Уолтерс говорил горячо. Гэнслоу, принужденно сидевший на кончике стула со сжатыми губами, кивнул головой. Эндрюс, растянувшийся во весь рост на кровати, лежал в неосвещенной части комнаты.
– По чести, Энди, – сказал Гэнслоу со слезами в голосе. – Я думаю, тебе лучше поступить так, как говорит Уолтерс. Нечего героя разыгрывать.
– Я вовсе не герой, Гэнни! – воскликнул Эндрюс, садясь на постель. Он поджал под себя ноги, как портной, и продолжал спокойным тоном: – Видишь ли… Это просто вопрос личного характера. Я дошел до такого состояния, когда мне все совершенно безразлично. Меня не интересует, убьют меня или я доживу до восьмидесяти лет… Я устал от беспрерывных приказаний, от муштровки. Вот и все. Ради Бога, поговорим о чем-нибудь другом!
– А много ли тебя муштровали с тех пор, как ты поступил в университетскую команду? Ни разу. Да, вероятно, ты можешь подать теперь и прошение об увольнении…
Уолтерс встал, и стул его с грохотом упал на пол. Он остановился, чтобы поднять его.
– Слушай, вот мое предложение, – продолжал он. – Я не думаю, чтобы тебя числили пропавшим в канцелярии учебной команды. Там у них чертовски плохой порядок. Ты можешь зайти туда и сказать, что был болен, и даже получить свое жалованье. Никто не скажет тебе ни слова. Или я расскажу все старшему сержанту. Он мой добрый друг. Мы как-нибудь проведем все это через канцелярию. Но только, ради Бога, не ломай всю свою жизнь из-за мелочного упрямства и каких-то дурацких анархистских идей, чтобы их черт побрал! Такой человек, как ты, должен иметь достаточно здравого смысла, чтобы не прельщаться ими.
– Он прав, Энди, – сказал Гэнслоу тихим голосом.
– Прошу вас, не говорите больше об этом.
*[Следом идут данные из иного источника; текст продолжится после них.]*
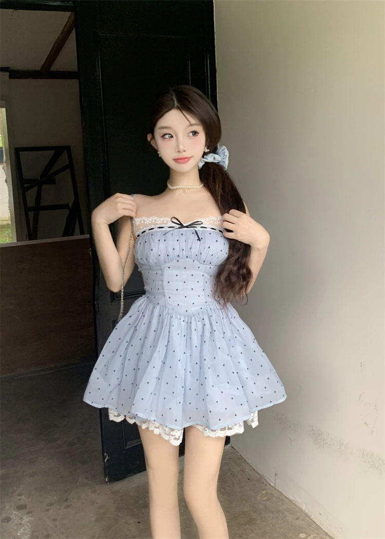 Polka dot suspender dress summer sweet bow
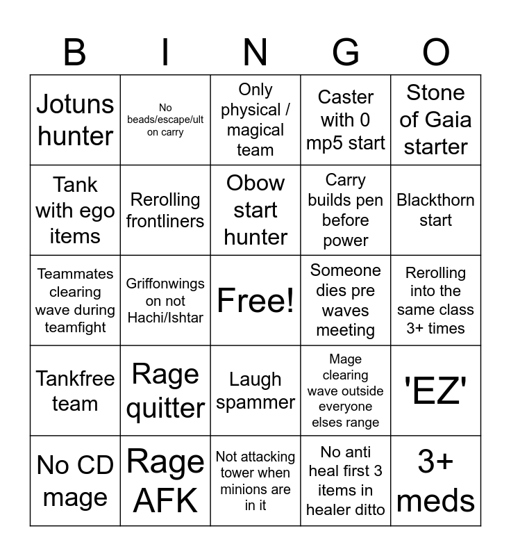 This bingo card has a free space and 24 words: Rage quitter, Rage AFK, Obow start hunter, No CD mage, Stone of Gaia starter, Jotuns hunter, Tank with ego items, No beads/escape/ult on carry, Someone dies pre waves meeting, Laugh spammer, Carry builds pen before power, Teammates clearing wave during teamfight, Mage clearing wave outside everyone elses range, 'EZ', Rerolling frontliners, No anti heal first 3 items in healer ditto, Rerolling into the same class 3+ times, Only physical / magical team, Blackthorn start, Griffonwings on not Hachi/Ishtar, 3+ meds, Tankfree team, Caster with 0 mp5 start and Not attacking tower when minions are in it.
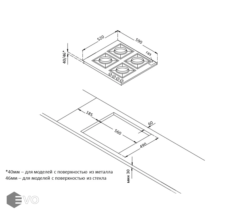 Размеры встраивания (ВхШхГ), мм: | 30x560х490 |
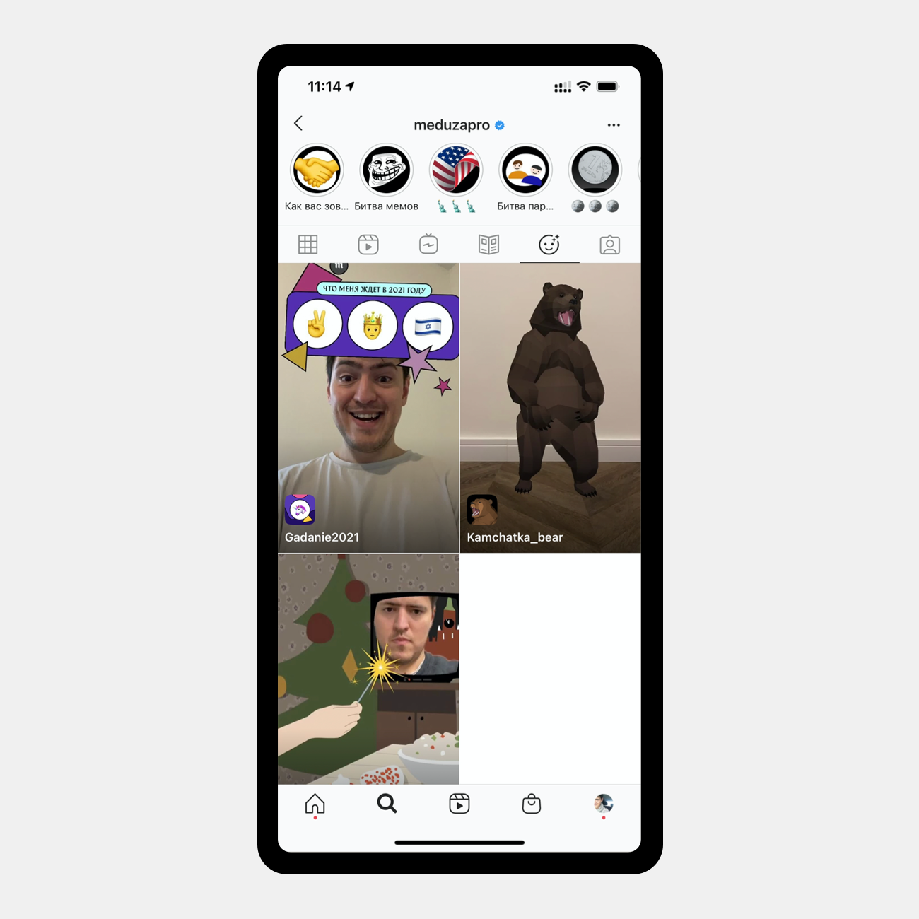Если вы читаете этот материал с телефона, просто нажмите на эту ссылку: откроется окно в браузере, которое предложит перейти в инстаграм и попробовать маску. А если вы читаете с компьютера, просто заходите с телефона в аккаунт «Медузы» в инстаграме: @meduzapro, затем переходите там во вкладку с масками и нажимайте на ту, что называется Gadanie2021.

Я все это уже слышал! – резко сказал Эндрюс; он снова бросился на постель и повернулся лицом к стене.
Долгое время длилось молчание. Со двора донеслись голоса и звук шагов.
– Но послушай, Энди, – сказал Гэнслоу, нервно разглаживая усы. – Тебя должна гораздо больше интересовать твоя работа, чем абстрактная идея об утверждении твоих прав на личную свободу. Даже в том случае, если ты не попадешься. Я думаю, что шансы попасться очень незначительны, если иметь голову на плечах. Но даже если ты не попадешься, у тебя нет достаточно денег для того, чтобы прожить здесь долго; ведь нет у тебя денег?
– Вы думаете, что я не размышлял обо всем этом? Я не сумасшедший, вы знаете. Я хладнокровно взвесил все… Но есть одно, чего вы, товарищи, не можете понять. Вы были когда-нибудь в дисциплинарном батальоне? Знаете ли вы, что значит разговаривать с человеком, который через пять минут может ни с того ни с сего ударить вас? Ах, Боже мой, вы не знаете, о чем вы говорите, вы оба… Я теперь свободен! Мне все равно, какой ценой быть свободным. Свобода – единственное, чего стоит добиваться. – Эндрюс лежал на спине и говорил, глядя в потолок.
Гэнслоу нервно шагал из угла в угол.
– Как будто кто-нибудь был когда-либо свободен, – бормотал он.
– Прекрасно, играйте словами, играйте! Вы можете доказывать, что угодно, если хотите. Разумеется, трусость – самая лучшая политика для того, кто хочет выжить. Человек, у которого сильнее всего развита жажда жизни, – первый трус. Продолжайте!
Голос Эндрюса звучал резко и возбужденно и временами срывался, как голос еще неокрепшего мальчика.
– Энди, скажи, ради Бога, что с тобой случилось? Ей-ей, я не в состоянии уйти отсюда, оставив это так.
– Будь спокоен, я найду выход, Гэнни. Может быть, я встречусь с тобой в Сирии, переодетый арабским шейхом! – Эндрюс возбужденно засмеялся.
– Если бы мне казалось, что я смогу принести какую-нибудь пользу, я бы остался… Но я ничего не в состоянии сделать. Каждый занят устройством своих личных Дел, на свой собственный дурацкий лад…
– Прощай, Уолтерс…
Гэнслоу подошел к кровати и протянул Эндрюсу руку.
– Смотри же, старина, будь осторожен, слышишь? И пиши мне в американский Красный Крест, в Иерусалим. Я буду чертовски беспокоиться о тебе, честное слово.
– Не беспокойся, мы теперь будем путешествовать вместе, – проговорил Эндрюс, поднявшись на постели и протягивая руку Гэнслоу.
Они слышали, как шаги Гэнслоу отзвучали на лестнице и потом на мощеном дворе.
Уолтерс пододвинул свой стул к кровати Эндрюса.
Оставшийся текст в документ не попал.